Historically, in forestry practice the optimal rotation period was usually based on economic principles. When the forest growth process is deterministic, the optimal rotation period was primarily defined by the German forester (Faustmann, 1849). A weakness of Faustmann`s model is its deterministic nature.

The complexity of forest ecosystems and the related issue of variability in growth of forest stand present difficulties to mathematical modeling of stand dynamics. The randomness is usually caused by a limitation of our knowledge of analyzed growth process. The consideration of randomness phenomena is central in modern ecology and management (Spagnolo et al., 2004). It is widely recognized that the forest stands operate in a highly uncertain environment (Garcia, 1983, 1994, 2005; Clarke and Read, 1989, 1990; Willassen, 1998; Alvarez and Koskela, 2003, 2007; Rupšys, 2003, 2007; Zhou and Boungiorno, 2004, 2006; Lohmander and Mohammadi, 2007; Rupšys et al., 2007 and references therein). When the forest growth is continuous stochastic process driven by the geometric Brownian motion the periodicity of the harvests for the case of even-aged forest were determined by Nordstrom (1975).
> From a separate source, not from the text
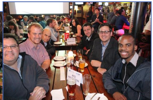
Quiz Night participants

The branch kept up with the action packed pace of the first half by hosting the following activities for the remainder of 2018:

Further investigations of the continuous stochastic version of Faustmann`s optimal rotation problem have been made by Clarke and Read (1989, 1990), Willassen (1998), Alvarez and Koskela (2003, 2007), Penttinen (2006), Chladna (2007), Gong and Lofgren (2008) and references therein.

In discrete space the studies of stochastic Faustmann`s optimal rotation problem have been made by Lembersky and Johnson (1975), Boungiorno (2001), Francois et al. (2005), Mohammadi and Lohmander (2007) and references therein.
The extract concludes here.